* TASK BRIEF
Return the lines of the data below starting at the one holding "- ↑ Normalisatie" and ending at the one holding "也是光民中学校友会副主席的杨", word for word, leaving every picture out.

* ENTRIES PROVIDED
——
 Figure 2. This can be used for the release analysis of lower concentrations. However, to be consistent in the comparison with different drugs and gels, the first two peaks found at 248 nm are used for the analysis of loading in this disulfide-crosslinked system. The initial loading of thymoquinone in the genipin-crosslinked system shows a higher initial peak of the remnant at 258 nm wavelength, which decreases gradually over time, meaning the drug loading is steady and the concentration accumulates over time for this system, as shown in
——
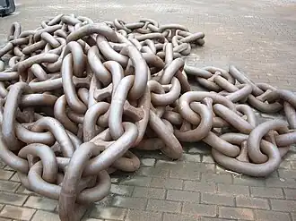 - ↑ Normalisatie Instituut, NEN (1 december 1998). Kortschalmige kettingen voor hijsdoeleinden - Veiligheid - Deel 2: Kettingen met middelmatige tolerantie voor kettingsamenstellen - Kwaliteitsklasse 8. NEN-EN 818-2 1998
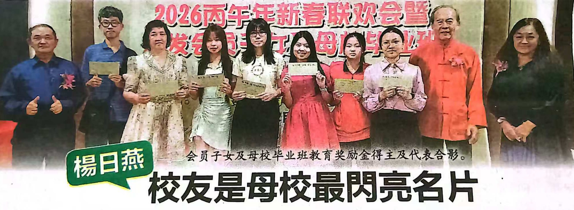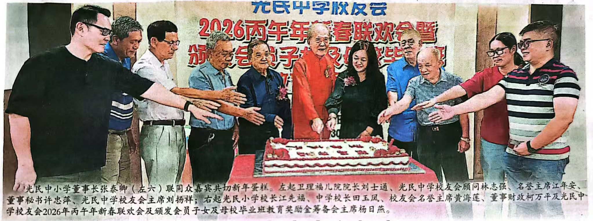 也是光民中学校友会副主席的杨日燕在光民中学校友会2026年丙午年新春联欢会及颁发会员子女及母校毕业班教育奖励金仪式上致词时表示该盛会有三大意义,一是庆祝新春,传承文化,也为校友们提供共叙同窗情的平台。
——
* EXERCISE ANSWER
 - ↑ Normalisatie Instituut, NEN (1 december 1998). Kortschalmige kettingen voor hijsdoeleinden - Veiligheid - Deel 2: Kettingen met middelmatige tolerantie voor kettingsamenstellen - Kwaliteitsklasse 8. NEN-EN 818-2 1998
 也是光民中学校友会副主席的杨日燕在光民中学校友会2026年丙午年新春联欢会及颁发会员子女及母校毕业班教育奖励金仪式上致词时表示该盛会有三大意义,一是庆祝新春,传承文化,也为校友们提供共叙同窗情的平台。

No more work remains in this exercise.